The benefit of this system is that it is asymmetrical. A message (or transaction) which was encrypted using the Sender’s private key, can be decrypted using the sender’s public key, without revealing or compromising the security of the sender’s private key.


DLTs and Cryptoassets in practice: Central Bank Digital Currencies


To understand the use-case of a Central Bank Digital Currency (CBDC), you must first go back to basics.


What is money?


Broadly speaking, money has multiple functions: a store of value, a unit of account, and a medium of exchange.


In most economies, this takes the form of a fiat currency. This is money backed by a government and declared to be “legal tender” (meaning it can be used to settle debts or financial obligations.)


The two forms of money in the UK are central bank money and private money. Central bank money represents liabilities of the central bank. For this public, this takes the form of cash (bank notes and coins).


Private money is commercial bank money, i.e. people’s money deposited at commercial banks and loans created by commercial banks.


What are CBDCs?


A CBDC may simply be understood as the virtual form of fiat money – it has the full faith and backing of the issuing government.


Advantages


Commercial banks act as intermediaries between Central Banks and consumers – they thus act as third-party ledgers within a decentralised system. As distributed systems do not require intermediaries, a CBDC would erode third-party risks – e.g. What if the bank runs out of cash deposits?


It could also improve financial inclusion. Nearly 1.7 billion people are unbanked globally (close to one forth of the global population).

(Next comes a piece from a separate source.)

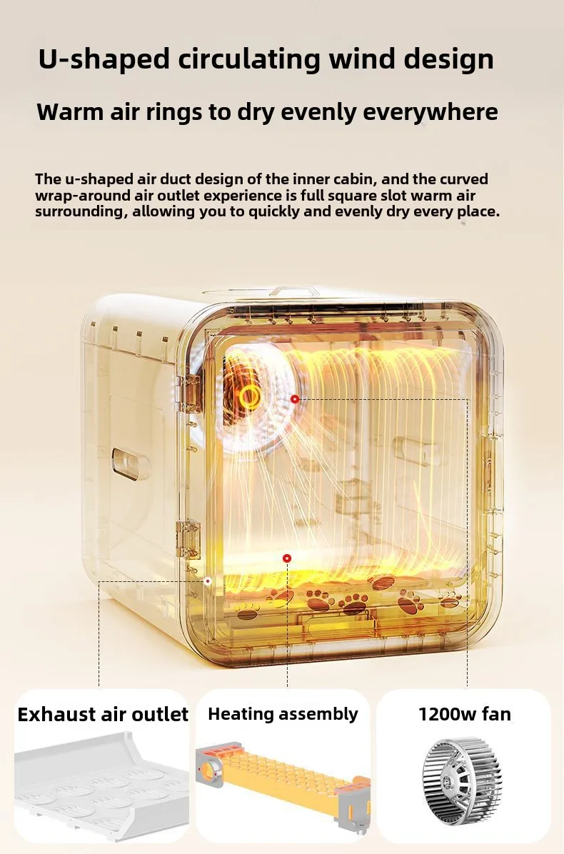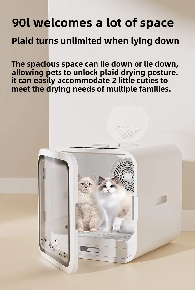 The spacious space allows pets to lie down or lie down, unlocking a comfortable and comfortable drying posture. It can easily accommodate 2 cute little ones and meet the drying needs of multi pet families at the same time.

Especially in developing and poor countries, the costs associated with developing banking infrastructure are too high – CBDCs can eliminate the need for such expense.


Finally, CBDCs can prevent illicit activity because Cryptography and public ledgers make it easy for a central bank to track money throughout its jurisdiction.


Disadvantages


CBDC does not solve the problem of centralization – a central authority (the central bank) is still responsible for and invested with the authority to conduct transactions.


Moreover, users would have to give up some degree of privacy. If administrators can track illicit transactions, then they can just easily track yours.